Hal ini terjadi karena negara tidak berperan dalam menjaga keimanan dan ketaqwaan individu, sehingga kemaksiatan tidak terkendali. Masyarakat tidak peduli dengan halal haram lagi ketika hendak memenuhi kebutuhan hidupnya.
Tak heran, karena sistem demokrasi kapitalisme mendidik manusia menjadi individualis’ tidak peduli dengan sesamanya.
Ini sangat berbeda dengan Islam. Dimana Islam mengajarkan umatnya agar melakukan amar ma’ruf nahi mungkar, dengan begitu akan menciptakan kontrol masyarakat di tengah-tengah kehidupan.
Hilangnya kontrol masyarakat dan peran negara inilah yang menyebabkan hilang pula keimanan dan ketaqwaan individu. Ditambah lagi sistem sanksi juga tidak memberikan efek besar terhadap pelaku yang telah dipenjara.
Penerapan hukum Islam mampu menekan angka kriminalitas, sebab hukum syariah yang digunakan berasal dari Sang Pencipta Alam Semesta, bukan hukum manusia.
Penegakan hukumnya paripurna dan tidak tebang pilih. Bukan seperti mata pisau yang tajam ke bawah namun tumpul ke atas. Hukum Allah SWT adil tak melihat siapa yang berbuat namun melihat tindak kriminal apa yang dibuat.
Seperti kisah di zaman Rasulullah ketika ada seorang wanita mencuri dan akan dijatuhi hukuman potong tangan. Usamah meminta kepada Rasulullah untuk mengurangi hukumannya. Namun Rasulullah tak mengindahkannya meskipun yang memohon adalah sahabatnya.

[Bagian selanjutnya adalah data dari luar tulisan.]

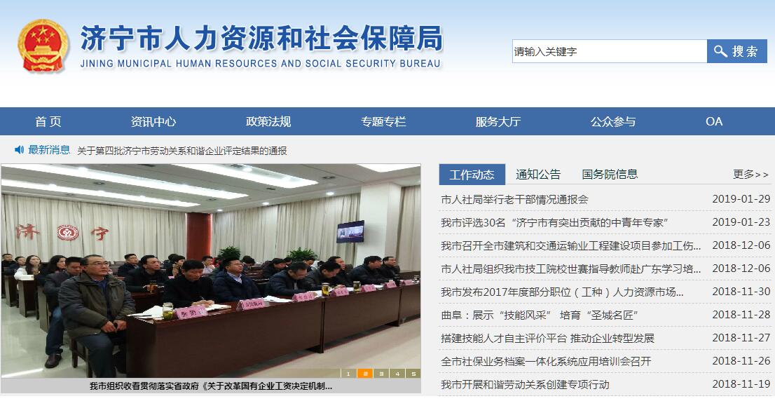 济宁市人力资源和社会保障局主要职责:(一)贯彻执行国家、省有关人力资源和社会保障工作的方针政策、法律法规,拟订全市人力资源和社会保障事业发展规划和政策,并组织实施和监督检查。(二)拟订人力资源流动政策,建立统一规范的人力资源市场,促进人力资源合理流动和有效配置。(三)负责促进就业工作。拟订统筹城乡就业发展规划和政策,健全公共就业服务体系;建立完善职业资格制度、就业援助制度和城乡劳动者职业培训制度;拟订全市技工学校及职业培训机构发展政策;牵头拟订高校毕业生就业政策;会同有关部门拟订高技能人才、农村实用人才培养和激励政策。(四)统筹建立覆盖城乡的社会保障体系。拟订城乡社会保险及补充保险政策和标准并组织实施;拟订机关企事业单位基本养老保险政策并逐步提高基金统筹层次;规范完善社会保险市级统筹办法;组织拟订全市统一的社会保险关系转续办法;会同有关部门拟订社会保险及其补充保险基金管理和监督检查制度;编报社会保险基金预决算建议草案;参与拟订社会保险基金投资政策。(五)负责就业、失业、社会保险基金预测预警和信息引导;拟订应对预案,实施预防、调节和控制,保持就业形势稳定和社会保险基金总体收支平衡。(六)负责行政机关公务员综合管理,会同有关部门拟订全市公务员分类、录用、登记、考核、奖惩、任用、培训、调任、转任、辞职、辞退等方面的政策、并组织实施;组织实施事业单位工作人员参照公务员法管理和聘任制公务员管理工作;组织实施公务员申诉控告制度;会同有关部门组织落实国家荣誉制度,拟订政府奖励制度并组织实施;依法办理市政府提请市人大常委会决定任免工作人员和市政府任免工作人员的有关事项;拟订有关人员调配政策和援建地区、重点建设项目人员安置政策。(七)会同有关部门拟订全市机关事业单位人员工资收入分配政策,建立健全机关事业单位人员工资正常增长和支付保障机制;组织实施机关企事业单位人员福利和离退休政策。(八)指导事业单位人事制度改革;拟订事业单位人员和机关工勤人员管理政策;拟订专业技术人员管理和继续教育政策;牵头推进深化职称制度改革工作;健全落实博士后管理制度;负责高层次专业技术人才选拔和培养工作。(九)综合管理全市引进国外智力、赴国(境)外培训和留学人员来我市工作。拟订全市引进国外智力规划和政策,编报引进国外智力专项经费预算并监督实施;负责全市出国(境)培训项目及人员的审批、审核、备案和来我市工作外国专家的管理服务工作;组织实施重点出国(境)培训项目和聘请外国专家规划;拟订吸引国(境)外专家、留学人员来我市工作或定居政策;管理非教育系统公派留学工作;指导全市人力资源和社会保障方面的对外交流工作。(十)会同有关部门拟订军队转业干部安置政策、拟订军队转业干部和退役士兵安置计划;负责军队转业干部培训工作;指导自主择业军队转业干部管理服务工作。(十一)会同有关部门拟订农民工工作规划和政策并组织实施;协调解决重点难点问题,维护农民工合格权益。(十二)统筹拟订劳动、人事争议调解仲裁制度和劳动关系政策,完善劳动关系协调机制;拟订消除非法使用童工政策和女工、未成年工的特殊劳动保护政策;组织实施劳动监察,协调劳动者维权工作,依法查处违法案件。(十三)承办市委、市政府交办的其他事项。

Seperti Sabda Rasulullah shalallahu alaihi wa salam, “Apakah kamu mengajukan keringanan terhadap salah satu hukuman dari Allah? Demi Allah, kalau saja Fatimah binti Muhammad mencuri, pasti akan ku potong sendiri tangannya” (HR Bukhari dan Muslim).
Pada saat Kekhalifahan Utsman bin Affan pun, hukuman Qishas akan dijatuhkan meskipun kepada Ubaidillah ibn Umar anak kandung Umar Bin Khatab, Khalifah sebelum Utsman. Karena memang terbukti bersalah telah melakukan pembunuhan.